What does good journalism looks like?  It brings together facts and human stories while communicating large concepts and small detail. It immerses the reader in a carefully constructed world. Reading it is almost like walking through a room filled with vivid experiences and memories. 

‘I needed to know what happened’: A father’s quest to understand derailment that killed 2 young women in Ellicott City, Jean Marbella, Baltimore Sun

In 2012 two young women lost their lives because of a horrific train derailment in Ellicott City. 

Ten years ago, their daughter, Rose Mayr, and her near lifelong friend, Elizabeth Nass, both 19, had sneaked onto the tracks where they cross over Main Street in Ellicott City, dangling their feet over the edge and snapping a photo as they sought to cap the end of summer before heading back to college. Instead, an approaching CSX train loaded with thousands of tons of coal derailed, 21 of its 80 cars jumping the tracks. The avalanche of coal buried and asphyxiated the two friends.

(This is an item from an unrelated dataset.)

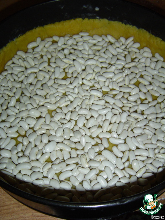 Тесто накрываем пищевой бумагой и сверху насыпаем сухую фасоль или горох; отправляем в духовку, разогретую до 180*С на 15 минут, а затем убираем бумагу с фасолью.
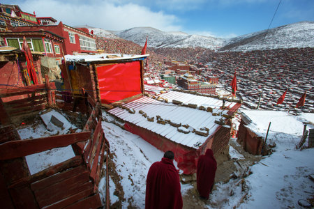 SICHUAN, CHINA - SEP 19 2014: Larung Gar(Larung Five Sciences Buddhist Academy). a famous Lamasery in Seda, Sichuan, China.

If you have lived in the area long enough to remember this, then you will remember the shock and grief of the community in reaction to this loss. It’s hard to describe. It was an all-consuming event and it filled our local consciousness for a long time. That’s what grief is like, and this was grief on a large scale. It brought one small town to a halt. 

Then time passed. The coal from the derailment was cleared away. Main Street opened again. The town dedicated memorial benches in honor of the two young women. Scholarships were created in their memory. Ever so slowly the event faded from public consciousness. 

The private grief remained.

Today’s article by Jean Marbella is the story of how one of the parents, Mark Mayr, processed that grief. It’s about a determined personal investigation to find the cause of the train derailment that killed his daughter and her friend. Marbella follows Mayr’s journey with care, in a way that gives the reader a sense of his pain and persistence.

Go read it. Think about it. Take the time to sit with what you have learned, and with how it makes you feel. This story gives us an opportunity to pause and remember these young women: Rose Mayr. Elizabeth Nass. It’s a chance to share for just a moment the grief their parents carry and honor the ways they have found to keep on living in the face of loss.

This is good journalism. No, this is excellent journalism. Marbella knows how to do this kind of piece well. It takes time, research, hard work, and the kind of critical thinking that can put all the pieces into place so that a story is both informative and engaging. These days that kind of time is given only for stories like this: a ten year retrospective on a tragedy that dominated headlines in both local, national, and international news. 

Yes, I lament the demise of local news coverage. If you wonder why, read this piece. It begins almost like a poem:

One February day, he climbed onto the rail bed himself, with lengths of string to measure the curvature and tilt of the tracks.